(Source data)

━━━━

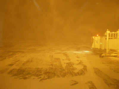 Belle tempête de neige pour notre retour en France. -15°C, des rafales à 70 km/h, la fac fermée, les taxis quasiment tous chez eux et, bien sûr, tous les vols annulés...
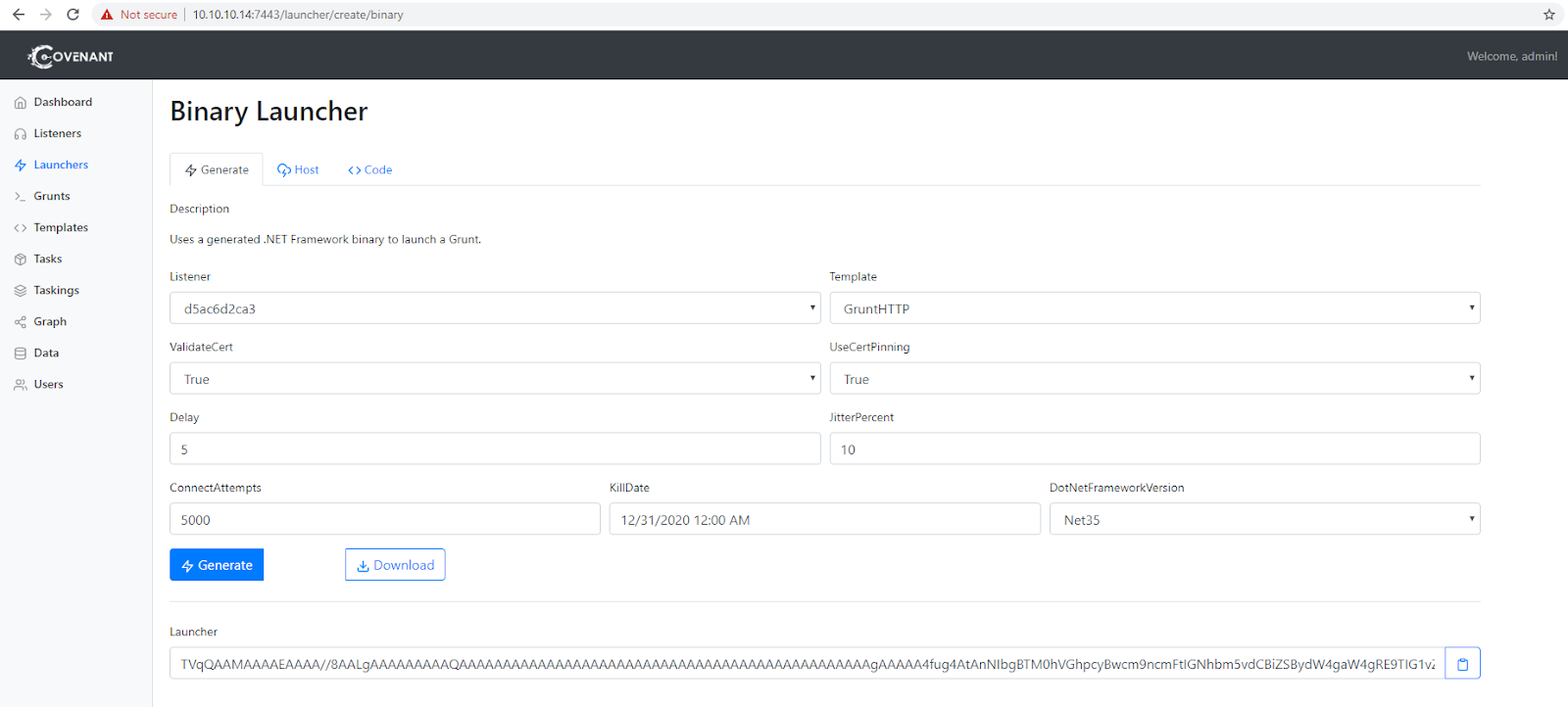 Step 1) Generate the binary launcher and click on Download button to download the GruntStager.exe file.
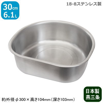 18-8ステンレス D型 洗い桶 30cm 6.1L 【ctaa】 タライ たらい 洗い桶 ステンレス 燕三条 日本製 業務用
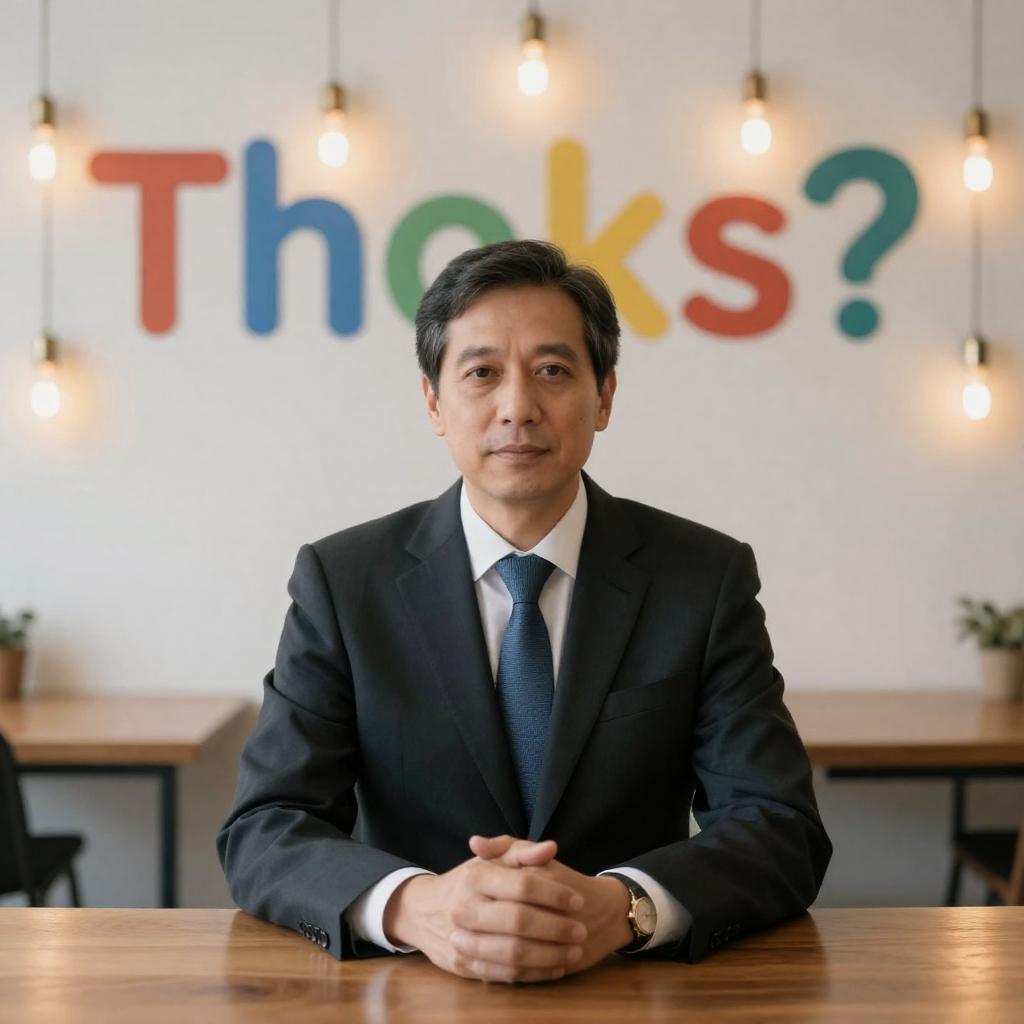 Photograph of a middle-aged man in a dark suit and blue tie sitting at a wooden table, hands clasped. Large, colorful "Thoughts?" on the wall behind him. Light bulbs create a glow around the . Neutral expression. One person partially visible on the left.
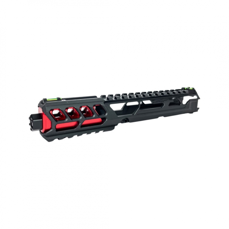 Hledáte odlehčený závěr s agresivním vzhledem, který dá vaší pistoli AAP-01 úplně nový charakter? Chcete lepší a rychlejší manipulaci s pistolí díky nižší hmotnosti a zároveň odolnost CNC obráběného hliníku 6061? Potřebujete horní díl těla, který je připravený na montáž zaměřovače, svítilny i nasvětlovacího tlumiče? Pak je tu FUKU-2 Upper Set V2 – dlouhá CUTOUT verze, ještě o 20 gramů lehčí než verze GENERAL, s agresivně vyfrézovanými odlehčovacími otvory a špičkovým zpracováním. Tento horní díl těla je vybaven dlouhou horní RIS lištou pro kolimátor, krátkou spodní RIS lištou pro grip či svítilnu, standardním 14mm CCW závitem s CNC krytkou a kompletní sadou světlovodných mířidel. Celková hmotnost pouhých 175,6 g přidává dynamiku a rychlost, aniž by utrpěla pevnost sestavy. Pokud chcete z AAP-01 udělat skutečně výjimečnou zbraň, FUKU-2 Upper Set V2 je volba, která dává smysl. Pokud chcete ale ze své AAP pistole udělat skutečný unikát, doplňte tento set o další vnější díly od CTM, které naleznete v naší nabídce. A co je krásné na pohled, mělo by být vymazlené i uvnitř, a jelikož jsme kamarádi s výhodami, máme pro vás samozřejmě i ty nejlepší vnitřní upgrade díly pro AAP-01. Teď už je to jen na vaší fantazii.
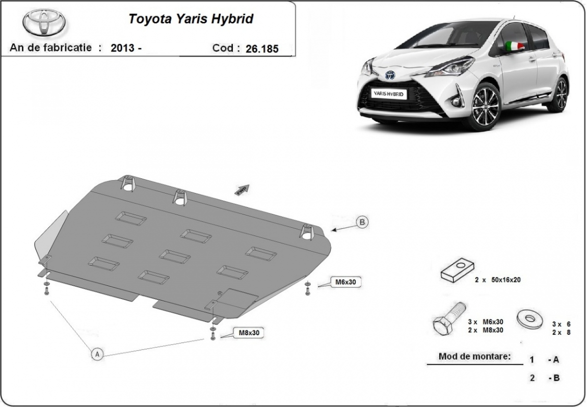Skid plate for the protection of the: engine, gearbox, radiator . The skid plate is new and fits perfectly for the Toyota Yaris Hybrid, with the following engine/drive versions: XP150, all, Hybrid - manufactured between 2013 and 2021. Made out of 2 mm thick Steel plate. Screws, nuts, clips, all fastening accessories are included. All skid plates are powder coated to prevent corrosion. The exterior of the skid plate is provided with Steel reinforcements, which increases the resistance to impact. |
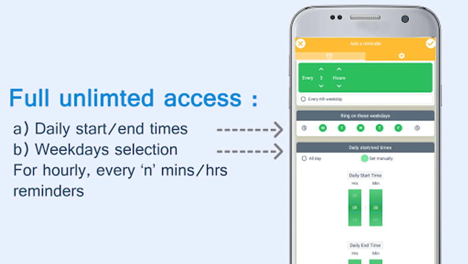 1. Daily start/end times, weekdays selection for Hourly & every "n" mins/hrs reminders.
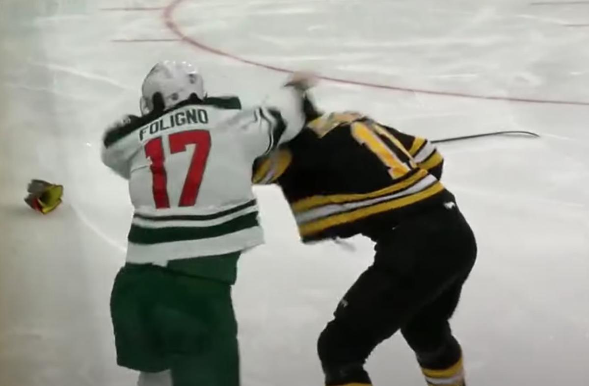 Minnesota Wild forward Marcus Foligno dropped the gloves with Boston Bruins forward Trent Frederic during Thursday night's game in Boston.
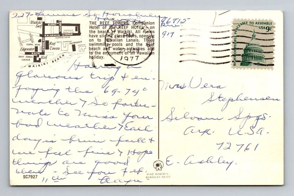 Waikiki HI-Hawaii, The Reef Tower, Advertising, Antique Vintage c1977 Postcard
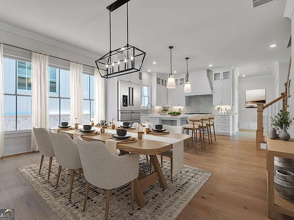 Perfect for the on-the-go homeowner, this beautiful residence in the Village section of Crossroads offers a true lock-and-leave lifestyle. With HOA-maintained grounds plus sewer included in the monthly fees, you can enjoy more time living and less time on upkeep. The main level features a primary suite, private office and laundry room, making this an ideal layout for comfortable one-level living. Step inside to discover designer touches throughout, including cedar-wrapped beams in both the family room and primary suite. The chef's kitchen is a showstopper with custom cabinetry to the ceiling, quartz countertops, a farmhouse sink, and a professional-grade 48" Thermador gas range-featuring six high-output burners, a griddle, and double ovens for flawless cooking and entertaining. A walk-in pantry keeps everything organized and within reach. The family room invites relaxation with a brick-surround fireplace, cedar mantle, and tongue-and-groove shiplap walls. Just off the kitchen, a covered deck overlooks the community greenspace, creating the perfect setting for grilling or unwinding outdoors. Upstairs, a versatile flex space serves as an ideal guest retreat or media room. Bedroom three offers a private en suite, while bedrooms two and four share a convenient Jack and Jill bath. Ample attic storage provides additional functionality. Blending style, comfort, and ease of living, this home delivers a refined retreat in a charming community setting. Enjoy walkable access to dining, shopping and services, plus the benefit of award-winning schools-all in one of Milton's most desirable locations.
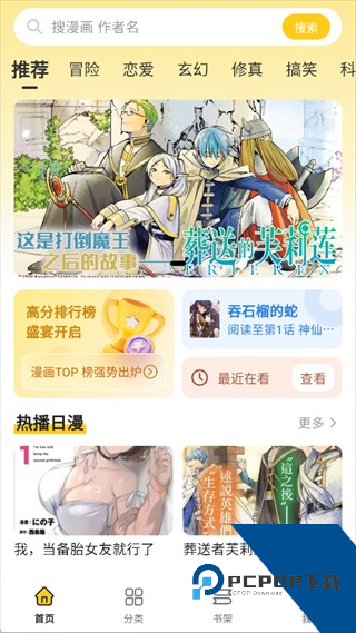 1.通过推荐、热门榜、分类专区挑选漫画,每一个专区都会不断更新。
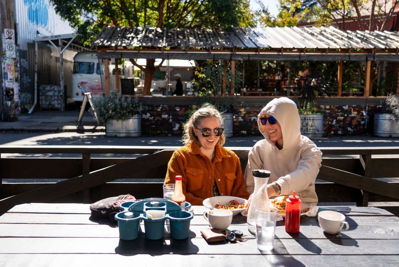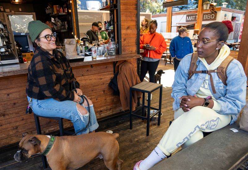Jessi Zemwalt and Dani Jackson, who were brunching together Oct. 13 outside in the city’s Alberta Arts District, also took issue with how the city has been portrayed, especially by conservative media outlets. While dining on vegan brisket made from jackfruit (Zemwalt) and a Nashville hot fried chicken sandwich and fries (Jackson) and peppermint tea, the couple lamented how frustrated they are with the negative coverage.
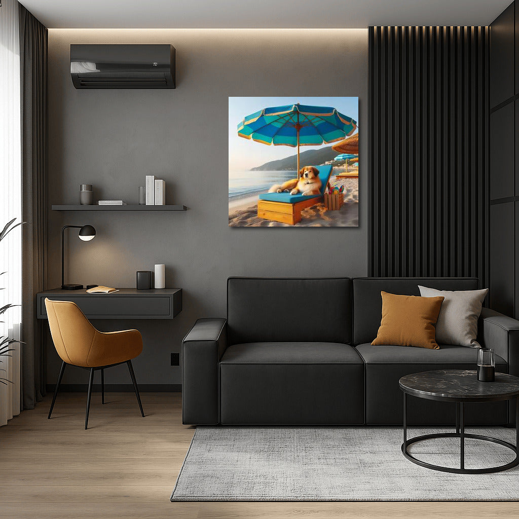 Summer Relaxation: Dog on the Beach under an Umbrella Wall Art
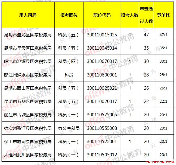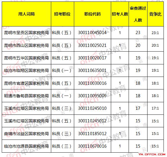 國考報名人數(shù)總待審核的共2666人,國稅有1369人待審,當前是昆明市呈貢區(qū)國家稅務局職位代碼300110045014的崗位相比報名人數(shù)為多,招1人,23人報名待審,35人報名審核通過,熱門比為:23:1
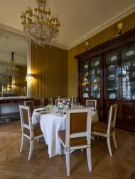 Au sous-sol, ce sont 800 m2 qui sont consacrés à des cuisines ultra-modernes pouvant servir un nombre important de convives lors de banquets officiels organisés dans la galerie des Cotelle.
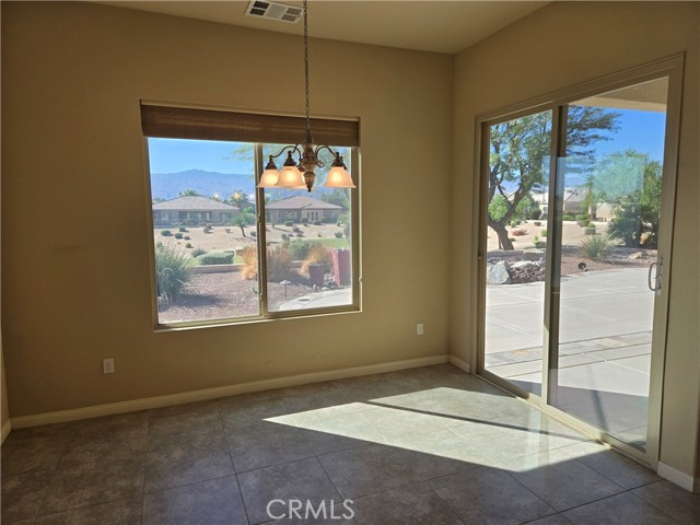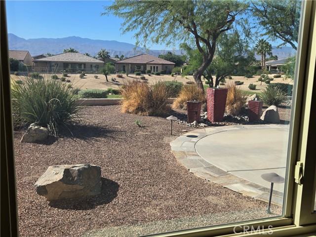 GOLF COURSE HOME! Welcome to the 'Hospitality' model in phase 3, Sun City Shadow Hills, an active +55 community. This community is desert living at it's best and offers many clubs and activities for many lifestyles. This home has a spacious open floor plan, has all tile floors (no carpet), 10 foot high ceilings, and large windows overlooking the golf course. There are 3 bedrooms with the primary ensuite located on the opposite side of the house. The great room is very spacious with adjacent dining area with sliding glass door out to the very large and covered patio. The kitchen has granite counters with large island and stainless steel appliances-cooktop, and double ovens. The 2 full bathrooms have Piedrafina marble counters. The primary bathroom also has large spa type tub, separate walk in shower, double vanity and large walk-in closet. Additional features include a separate laundry room, 2-car garage with additional 2 foot extension. The backyard overlooks the golf course, has a lava type rock fire pit and a water feature. The front yard has a lush green lawn. The amenities in this low HOA dues community feature, pickleball courts, tennis courts, bocce ball, 2 outdoor pools and 1 indoor pool, 2 gyms and spacious room for exercise classes. There are 2 dog parks, beautiful walking area, 2 golf courses with a separated putting course, 2 club houses plus there is the Shadows restaurant! The community also has 24/7 guard gates and transponder only secondary gates. Sun City Shadow Hills offers a blend of comfort and lifestyle with a sense of community.
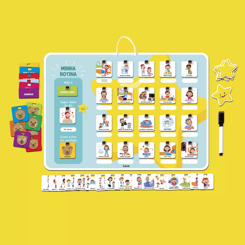 Com o quadro Minha Rotina Estrelinhas é possível propor atividades, super meta do dia, horários, conversar sobre como se sente e como incentivo conquistar estrelinhas.
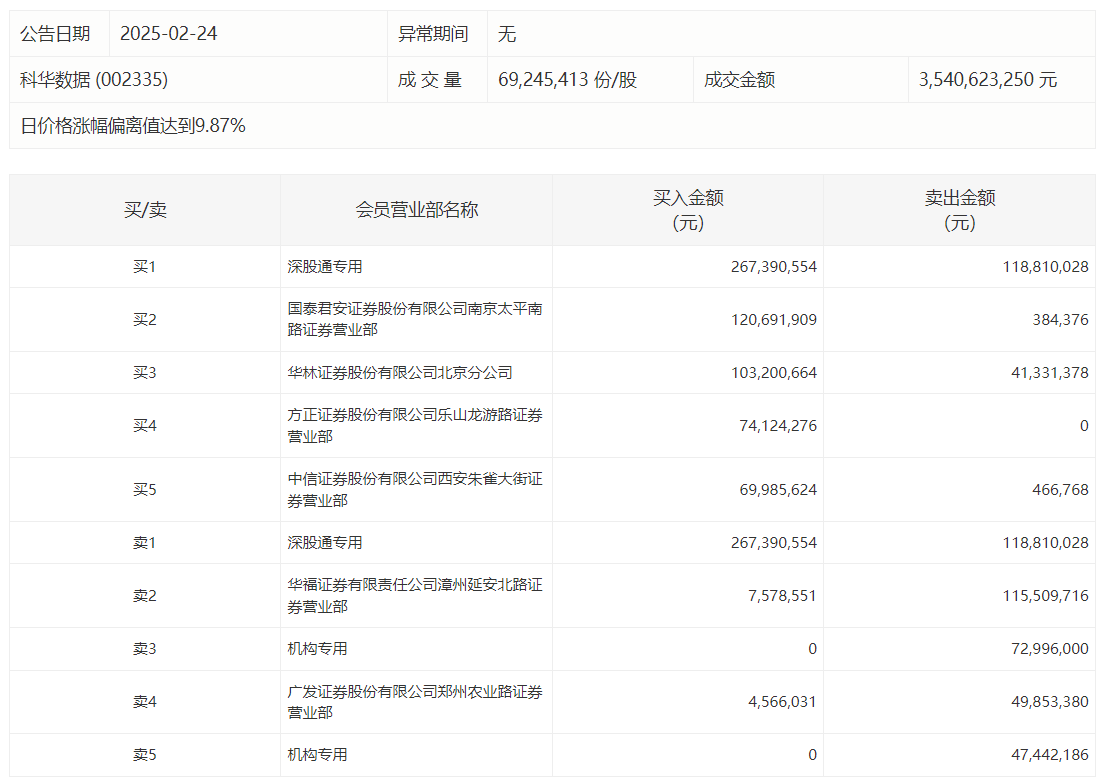 龙虎榜 | 科华数据加速涨停,深股通买入2.67亿元并卖出1.19亿元
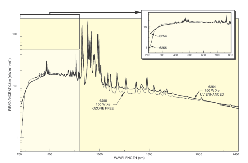 The 6254 150 W UV Enhanced Xe lamp is a useful option for those who need the visible to NIR performance of a Xe lamp without the drop in UV light output typical of a Xe arc lamp.

━━━━

Would you output the lines above from the line holding "1. Daily start/end" up to and including the line holding "1.通过推荐、热门榜、分类专区挑选漫画,每一个专区都会不断更新。", exactly and only those, with no pictures?

 1. Daily start/end times, weekdays selection for Hourly & every "n" mins/hrs reminders.
 Minnesota Wild forward Marcus Foligno dropped the gloves with Boston Bruins forward Trent Frederic during Thursday night's game in Boston.
 Waikiki HI-Hawaii, The Reef Tower, Advertising, Antique Vintage c1977 Postcard
 Perfect for the on-the-go homeowner, this beautiful residence in the Village section of Crossroads offers a true lock-and-leave lifestyle. With HOA-maintained grounds plus sewer included in the monthly fees, you can enjoy more time living and less time on upkeep. The main level features a primary suite, private office and laundry room, making this an ideal layout for comfortable one-level living. Step inside to discover designer touches throughout, including cedar-wrapped beams in both the family room and primary suite. The chef's kitchen is a showstopper with custom cabinetry to the ceiling, quartz countertops, a farmhouse sink, and a professional-grade 48" Thermador gas range-featuring six high-output burners, a griddle, and double ovens for flawless cooking and entertaining. A walk-in pantry keeps everything organized and within reach. The family room invites relaxation with a brick-surround fireplace, cedar mantle, and tongue-and-groove shiplap walls. Just off the kitchen, a covered deck overlooks the community greenspace, creating the perfect setting for grilling or unwinding outdoors. Upstairs, a versatile flex space serves as an ideal guest retreat or media room. Bedroom three offers a private en suite, while bedrooms two and four share a convenient Jack and Jill bath. Ample attic storage provides additional functionality. Blending style, comfort, and ease of living, this home delivers a refined retreat in a charming community setting. Enjoy walkable access to dining, shopping and services, plus the benefit of award-winning schools-all in one of Milton's most desirable locations.
 1.通过推荐、热门榜、分类专区挑选漫画,每一个专区都会不断更新。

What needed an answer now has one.